I started inputting phrases like “I faked my” or “I’m ashamed” – which was a quote from Rob Pilatus – and then let Google auto fill the rest. In this one movement the libretto is entirely composed of suggested searches returned by Google – there’s inevitably a real percentage of human tragedy in all the responses to a query that begin, “I’m ashamed of”.

This particular story is partially about appropriation and the politics of appropriation. But the themes are resonant on a wider level of just, you know, faking it. What is the relationship between faking it and failure and shame, and how do corporate structures produces these affects in some way. So when you do a Google search what emerges are partly these individual private voices that have made themselves public but at the same time they resonate with all these other issues…

At the same time, I’m interested in setting up a system and also setting up the rules by which you break the system! So some of the texts have my own writing in them that serves to disrupt anything that becomes too mechanical in a way.

David Levine: This was the radicality of the libretto in the first place.  We all agreed that everyone knows the story already, so the libretto didn’t need to be narrative. And I was really interested in playing with the very limited gestural vocabulary of the opera form, so I knew that I was going to structure the staging episodically. The familiarity of the story and the limited gestural vocabulary of opera formed a kind of “fixed” layer, so to construct the libretto Christian basically did was he made a Bible of stuff, which we’ve tapped maybe 1/16th of –

Joe Diebes: A database, basically …

Christian Hawkey: A database is a good word for it. I thought of it as a database that could function metonymically. The text is intentionally not narrative or expositional, but once it is juxtaposed with something else – i.e. the staging, music, whatever – it creates something unknown.

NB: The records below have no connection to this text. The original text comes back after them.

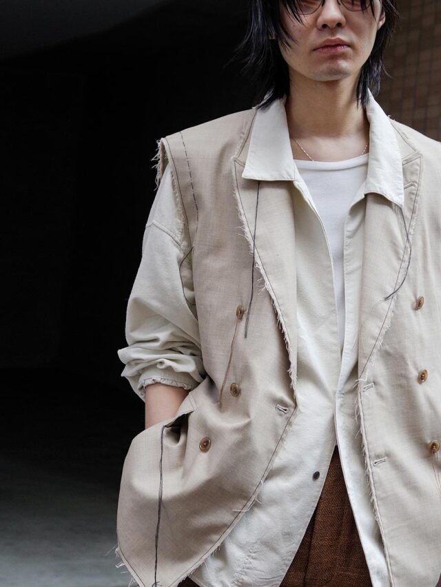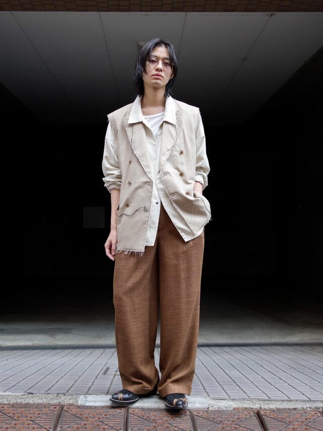 The double-breasted front maintains a balanced silhouette even when worn open. It can be layered with cut-and-sew tops or shirts, or worn over knitwear or jackets, encouraging styling that goes beyond conventional rules.
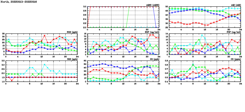 | Air Quality Data Time Series in North (2022/05/16) | ( Line colors: Day -3 Day -2 Day -1 Current day ) | 2D Map Current AQHI |
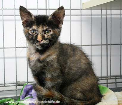 Zora hat leider das Pech als Schildpattkätzchen auf die Welt gekommen zu sein, so nennt man die spezielle Farbe dieser Katzen mit gemischten Farben.
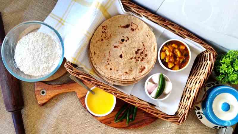 Soft chapatis, also known as rotis are Indian flatbreads made from wheat flour and served with a variety of accompaniments.
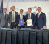 • Massad Boulos, US Senior Advisor for Africa (right) and Troy Fitrell, US Bureau of African Affairs (left) and join Aleem Karmali, Director for RHPCL (Center) and Brian Kelly, CEO of Anzana Electric (2nd right) at the signing of the Invitation to Partner Agreement for the Ruzizi III Regional Hydropower Project
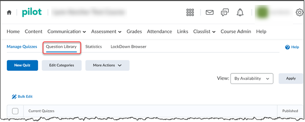 From Assessment > Quizzes & Exams, click on Question Library.
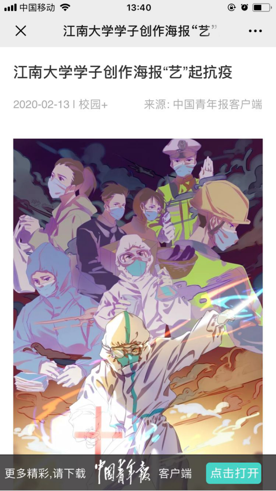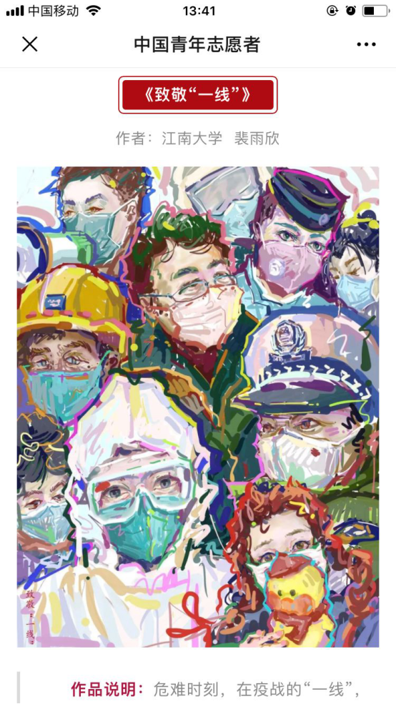习近平总书记指出,生命重于泰山,疫情就是命令,防控就是责任。对于广大青年学子来说,这就是冲锋的号角,有万钧之力。疫情当前,设计学子心系一线,以艺抗疫,以画绘心,奋战的脚步从未停歇。没有一个冬天不可逾越,没有一个春天不会来临。我们坚信,在以习近平同志为核心的党中央正确领导下,疫情终将被战胜,胜利终将会到来!
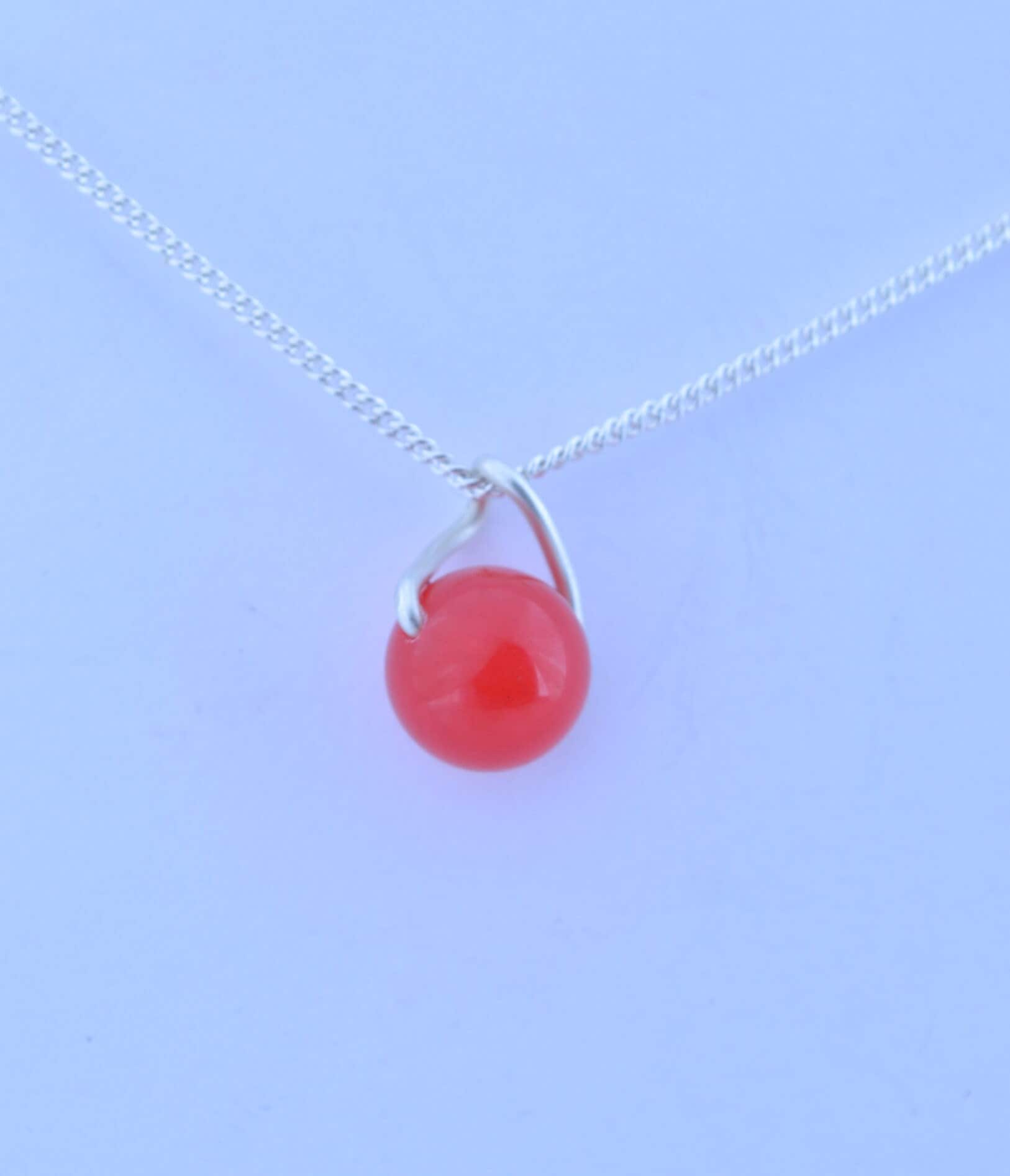 silver red jade necklace
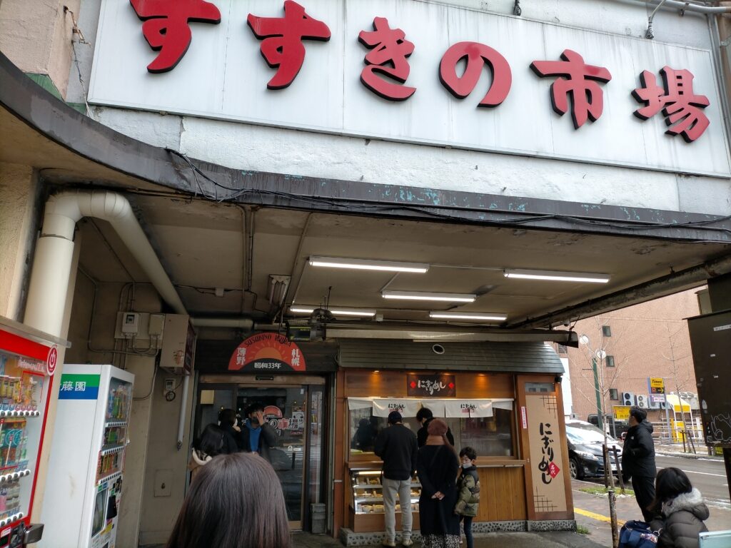 朝食は、すすきの市場の老舗おにぎり専門店「にぎりめし」からスタート。
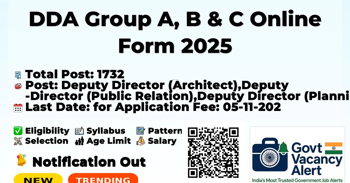The Delhi Development Authority (DDA) Recruitment 2025 for 1732 posts of Group A, B & C. Candidates with Any Graduate Can Apply Online. The online application opens on 06-10-2025, and closes on 05-11-2025. The candidate shall apply online through DDA website, dda.gov.in.
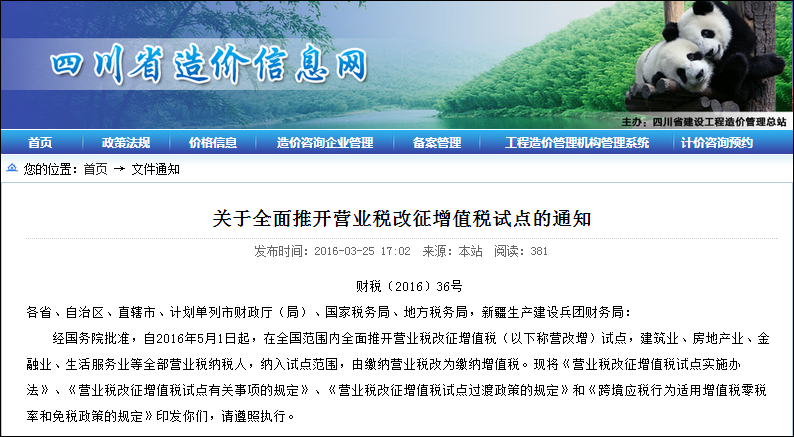 3月25日,四川省造价信息网转载财政部 国家税务总局 财税〔2016〕36号文,《关于全面推开营业税改征增值税试点的通知》
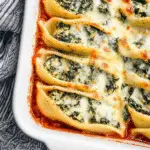 Spinach ricotta shells are a delicious Italian dish made with large pasta shells stuffed with a creamy mixture of ricotta cheese, fresh spinach, and various seasonings. The shells are then baked in marinara sauce and topped with mozzarella cheese, creating a comforting and satisfying meal. enjoy with creamy baked potato soup This dish is perfect for family dinners or entertaining guests, as it’s both visually appealing and packed with flavor.
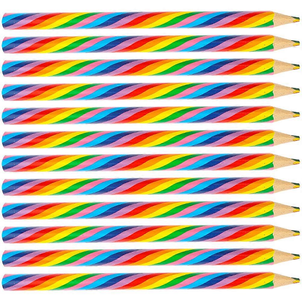 Kids Pencils 12Pcs Cartoon Rainbow Pencils Student Rewards Writing Assorted Color Ergonomic Design

When I first met Clarinda [Mac Low, the show’s choreographer] she was talking to me about the libretto and she was saying, “I don’t understand any of this, what is this?”  And said let’s just try it and see how it goes.  Once things started being put through speakers, and bodies started being moved around, then it hit her that actually everything makes incredible sense – but not in a way that is often redundant. It’s not like a normal opera where the story being told is the same story as the staging, and then the two come together. That redundancy kind of bleeds all the productive tension out of the opera, in a way.

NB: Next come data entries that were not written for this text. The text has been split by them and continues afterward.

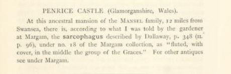 However, just to demonstrate yet again that everything is connected to everything else, Penrice Castle actually gets a mention in Adolf Michaelis’s 1882 Ancient Marbles in Great Britain (see below). Was the gardener who gave Michaelis this information Richard Milner himself?
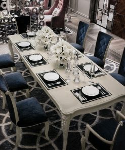 Прямоугольный раздвижной стол. Декорирован резьбой. Возможны другие варианты отделки.
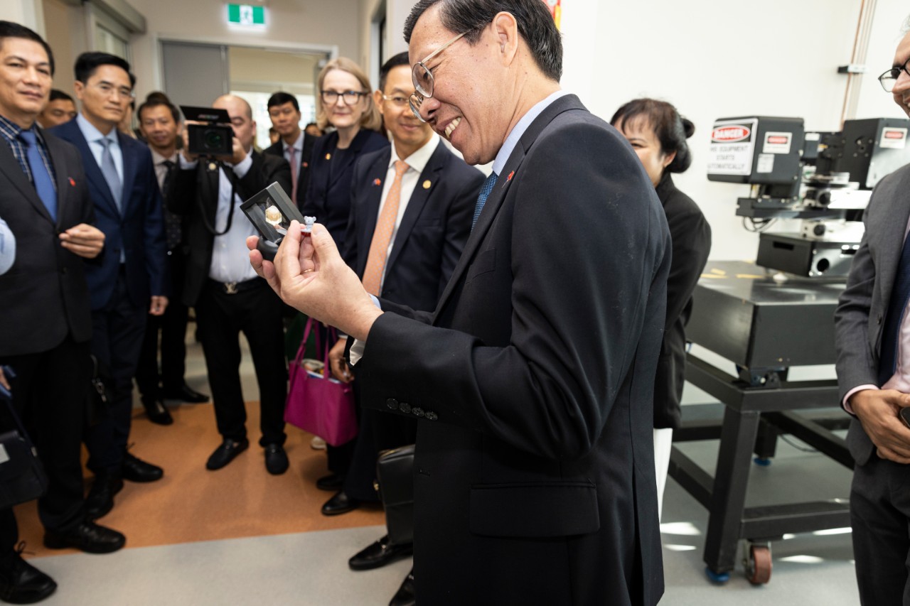 Ho Chi Minh City People’s Committee Chairman Mr Phan Van Mai inspects biomedical technology as part of a delegation which toured the School of Biomedical Engineering. Image: Fiona Wolf, University of Sydney
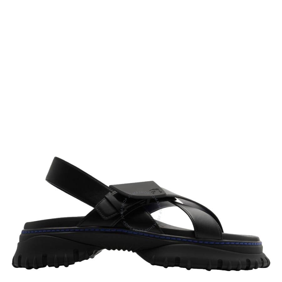 Burberry Men's Sandals. SKU: 8090290. Color: Black. Burberry Leather Pebble Sandals. These Italian-made sandals are crafted from leather and set on a chunky molded sole for added comfort and style. The adjustable straps feature brushed metal shield buckles, each embossed with the iconic Equestrian Knight design. The sandals have a rounded toe and a distinctive Equestrian Knight design at the sole, adding a unique touch to their bold, modern aesthetic. 100% leather. Made in Italy. Please visit the brand website for sizing information. GENERAL Brand Type: Designer INFORMATION Brand: Burberry Model: 8090290 Gender: Mens DETAILS Category: Sandals Color: Black Shoe Vamp Style: Slip-on Upper Material: Leather Sole Material: EVA/Rubber ADDITIONAL INFO Jomashop Sku: -8090290N Department: Shoes
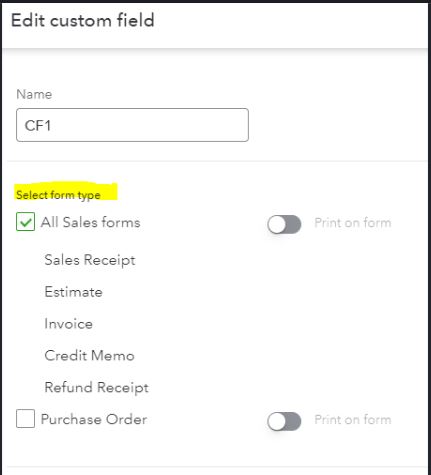 In QuickBooks Online Plus and Essential, you can create a custom fields on your sales forms. However, if you are using this versions of QBO, then selecting the type of data is unavailable. This is the reason why you can't see the option in the page.
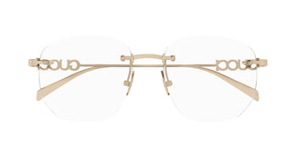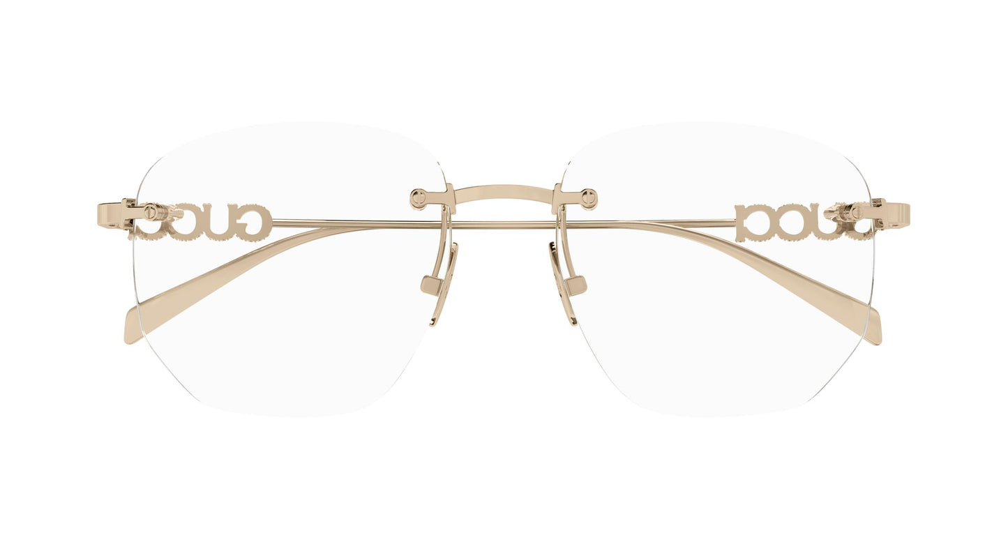 Modèles métalliques ornés du logo Gucci tridimensionnel sur les branches. Design carré. Logo Gucci tridimensionnel sur les branches. Palette de couleurs féminine, commerciale et contemporaine.

David Levine: And Clarinda really quickly glommed onto the fact that Rob and Fab only had about 15 moves. So she’s actually broken them down into their component parts and these  keep getting recombined, altered and modified also, often at random.  The dancers know each move, so Clarinda can call out “Deformed Cabbage Patch” and they know what to do. Clarinda’s rehearsal approach to the choreography was to break it down into units, so we have this super-primitive – or basic – choreographic language and the limited repertoire of opera. So we’ve got these two limited systems that kind of work together in different ways at different times.

Joe Diebes: I think that redundancy is the thing that all three of us are most distanced from and reacting against in our various ways. This is a story about a pop group who has a formulaic producer who, in a broad sense, churns out the same thing over and over again, in an industry that exploits musicians in the same way over and over again. At the same time there’s the repetition of the actual three or four hits that they had, that they lip-synced around the world constantly – the same exact track doing the same exact moves – over and over again.

It is that kind of repetition I want to work against and it’s a big reason that I wanted to open up the score to be this generative thing that evolves differently every time. The orchestra is doing something very different every single time. I’m basically DJ’ing them. I have my little setup and I can control what gets sent to them and the melodies get superimposed on the libretto differently every time. But at the same time it is a database that all the singers can access – like random access – for these different melodic phrases. The singers and orchestra have learned all the various elements, they know what the lyrics will be but not the melodies.